Russian President Vladimir Putin has publicly declared a special military campaign in Ukraine, likely triggering a series of penalties against Russia's top banks, including state-owned Sberbank and VTB.

As per local reports, Sberbank published a false statement on Thursday night about being listed on the US sanctions list, but later withdrew the notice, stating that the remark was false and prompted by a "website crash."

Sberbank's website currently states that Sberbank and all of its services are operating as usual and that users and legal organizations have full accessibility to their funds and services.

“We are ready for any development of the situation and have worked out scenarios to guarantee the protection of the funds, assets and interests of our clients, as well as to ensure the regular operation of all our functions,” the alert reads.
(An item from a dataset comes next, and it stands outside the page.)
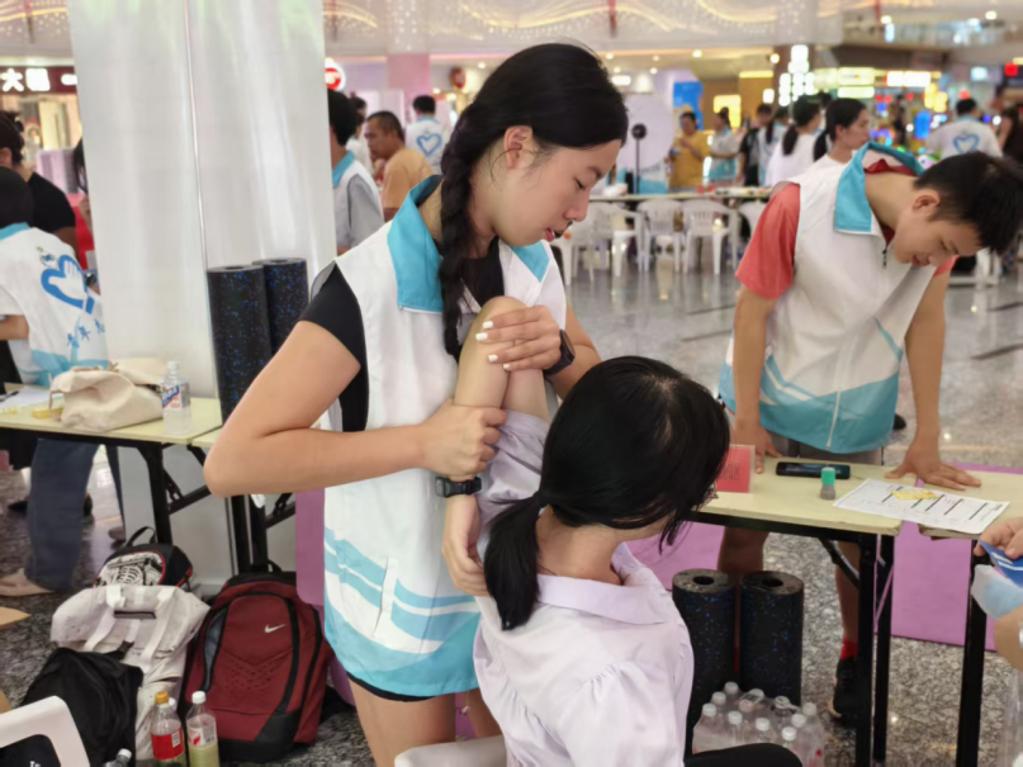 活力无限健康挑战区,体育保健组以PNF拉伸为主题,演示“收缩-放松”原理,帮市民缓解肌肉紧张。

On Thursday, Russia's Foreign Ministry stated that it will reply to any proposed Western sanctions, saying, “Make no mistake, we will respond strongly to these sanctions, not necessarily in a symmetrical manner, but the response will be well calibrated and will not fail to affect the United States.”

According to Balaji Srinivasan, a crypto investor and former Coinbase chief technology officer, the ministry is predicting cyberwarfare with the West.

The recent report broke as the Russian ruble dropped to an all-time low against the US dollar, with indexes jumping up to 115 rubles or more per US dollar for individuals trying to purchase dollars on the marketplace, up 35% from 74 rubles only a few weeks ago. According to local media, Sberbank was providing its customers with the opportunity to purchase dollars for 100 rubles on Thursday.

According to data, the new events have had a major influence on the Russian stock market and crypto markets, with Bitcoin (BTC) temporarily falling below $35,000 for the very first time since June 2021.

During the first time since August of last year, global market capitalization dropped below $1.7 trillion.

The enormous sell-off in crypto and stock markets, as per Sam Bankman-Fried, CEO of FTX crypto exchange, is "to pay for war."